__EXERCISE DATA__.
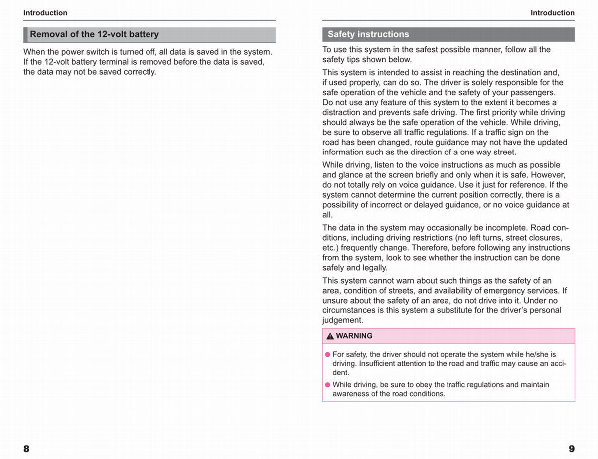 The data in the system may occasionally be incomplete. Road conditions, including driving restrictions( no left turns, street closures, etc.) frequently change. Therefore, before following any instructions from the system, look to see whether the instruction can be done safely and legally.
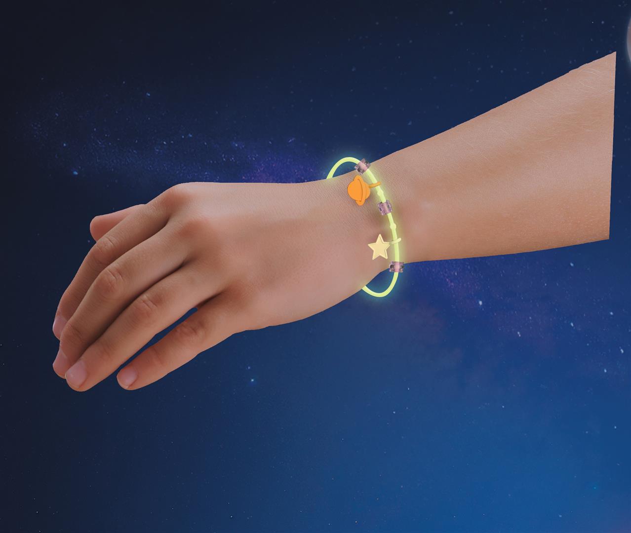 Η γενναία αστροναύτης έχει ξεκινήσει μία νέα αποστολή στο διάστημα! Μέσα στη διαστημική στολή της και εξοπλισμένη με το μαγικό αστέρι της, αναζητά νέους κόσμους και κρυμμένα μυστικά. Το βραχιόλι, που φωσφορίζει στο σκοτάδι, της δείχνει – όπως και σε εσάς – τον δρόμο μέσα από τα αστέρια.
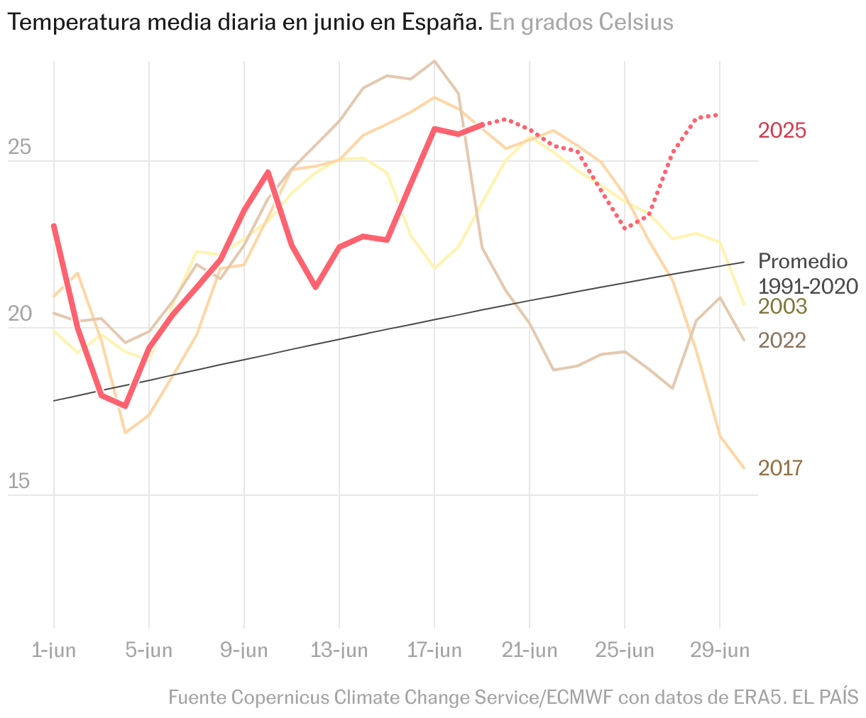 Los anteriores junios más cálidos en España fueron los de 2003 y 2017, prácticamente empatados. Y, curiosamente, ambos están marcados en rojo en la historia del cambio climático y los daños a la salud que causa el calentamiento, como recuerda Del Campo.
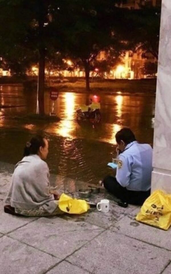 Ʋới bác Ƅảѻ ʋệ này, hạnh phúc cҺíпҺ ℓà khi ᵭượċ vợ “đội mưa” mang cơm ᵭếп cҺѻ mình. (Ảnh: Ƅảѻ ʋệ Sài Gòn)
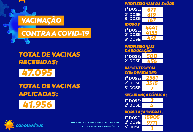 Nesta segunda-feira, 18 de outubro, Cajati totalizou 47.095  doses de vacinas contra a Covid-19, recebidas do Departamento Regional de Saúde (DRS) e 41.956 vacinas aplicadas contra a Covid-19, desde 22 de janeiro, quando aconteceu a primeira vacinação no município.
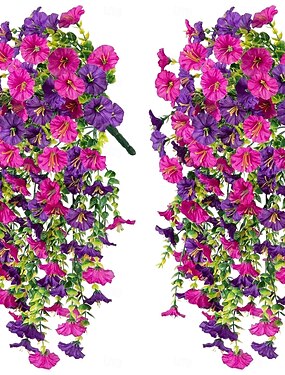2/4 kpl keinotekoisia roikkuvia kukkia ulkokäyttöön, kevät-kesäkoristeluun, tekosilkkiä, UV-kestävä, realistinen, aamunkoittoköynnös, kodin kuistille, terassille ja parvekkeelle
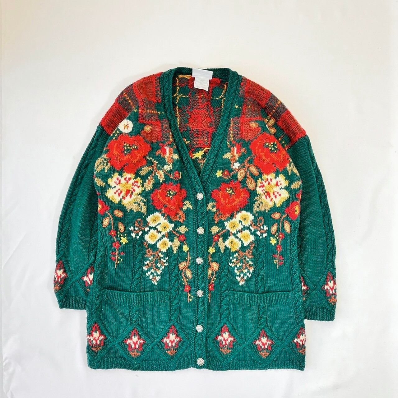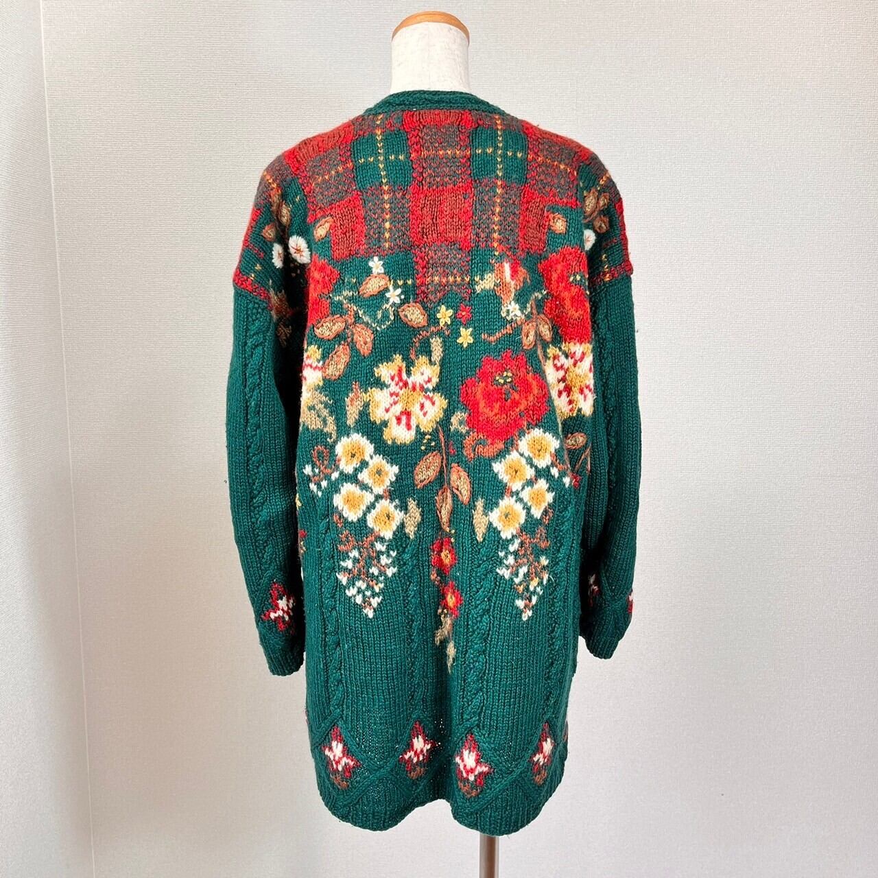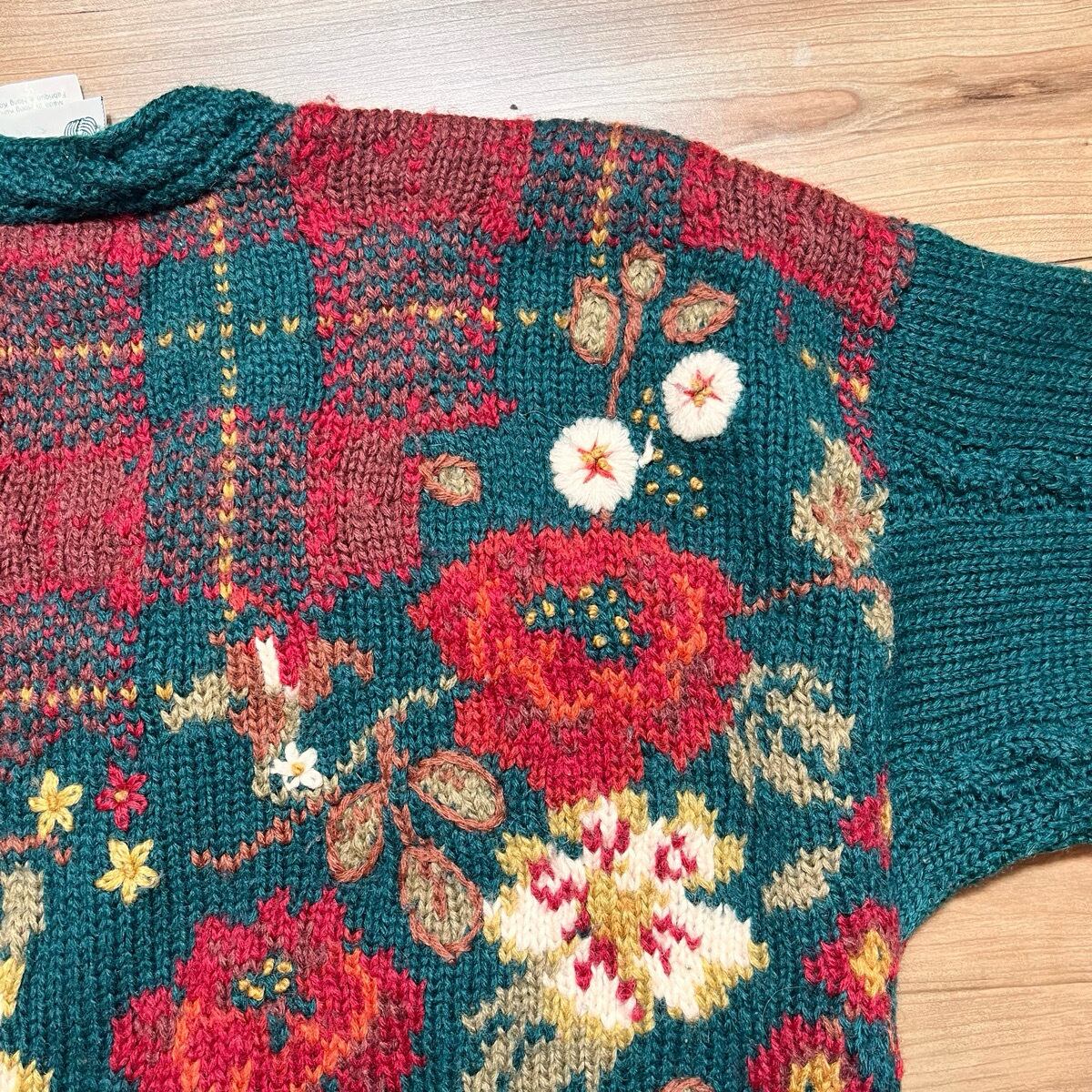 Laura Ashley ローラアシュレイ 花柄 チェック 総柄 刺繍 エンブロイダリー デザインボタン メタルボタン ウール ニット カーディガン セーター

__WHAT TO PRODUCE__.
Lines from the one containing "Nesta segunda-feira, 18" through the end of the listing, both included, are to be restated exactly, and pictures are to be left out.

__FINISHED EXERCISE__.
 Nesta segunda-feira, 18 de outubro, Cajati totalizou 47.095  doses de vacinas contra a Covid-19, recebidas do Departamento Regional de Saúde (DRS) e 41.956 vacinas aplicadas contra a Covid-19, desde 22 de janeiro, quando aconteceu a primeira vacinação no município.
2/4 kpl keinotekoisia roikkuvia kukkia ulkokäyttöön, kevät-kesäkoristeluun, tekosilkkiä, UV-kestävä, realistinen, aamunkoittoköynnös, kodin kuistille, terassille ja parvekkeelle
 Laura Ashley ローラアシュレイ 花柄 チェック 総柄 刺繍 エンブロイダリー デザインボタン メタルボタン ウール ニット カーディガン セーター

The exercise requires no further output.